Мне хотелось уйти от них в тот же день, но фрау Шейнк настояла, чтобы я закончила перед этим все начатые платья и в заключение еще решила произвести генеральную уборку в квартире.
Два дня подряд я скребла и чистила стены, карабкалась по лестнице, чтобы добраться к закоптелому потолку, давно не видавшему капли воды. Квартира была запущена, особенно кухня, дом давно не ремонтировался.
Мадам Шейнк все сетовала и вздыхала:
— Кто теперь будет мне убирать квартиру, шить, стирать, просто беда…
Я вылизала содой с мылом все потолки и стены, помыла полы. Квартира блестела чистотой и светилась уютом. Но зато сама я была не лучше трубочиста: вся слежавшаяся годами пыль и грязь стекала мне на голову, в лицо и на одежду. Я трудилась из последних сил, как загнанная лошадь, чтобы выполнить многочисленные придирчивые указания моей ненасытной госпожи — ведь это же в последний раз, а главное — даром.
Господин Шейнк тоже был доволен: дармовая прислуга приводила его в хорошее расположение духа. Еще оставался мой долг — платья, и я продолжала трудиться. Успокоившись, Шейнки начинают меня уговаривать остаться.

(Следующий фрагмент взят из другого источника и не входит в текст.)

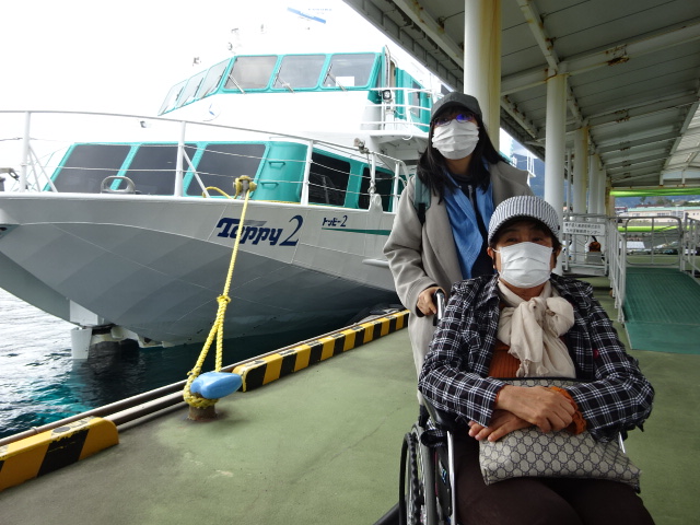 車椅子のままスロープで船内入れ、多目的的トイレもあり、席は入り口近くの通路席を事前予約すると便利です。車椅子専用席のある便もあります。

— Теперь уже, — говорят они, — не страшно, проверять больше не станут.
Так тянется день за днем, мне ведь тоже уходить не к кому, кроме как к Вилюмсонам в деревню, а что там?
Моя госпожа, в свою очередь, все продолжает проверять мою добропорядочность и честность.
Раз поутру я приводила в порядок их спальню. Под кроватью и столиком лежали небрежно разбросанные конфеты. Я их собрала и сложила аккуратно на столе. Позднее я догадалась, что это тоже была проверка моей честности, как и ряд других уловок моей подозрительной хозяйки.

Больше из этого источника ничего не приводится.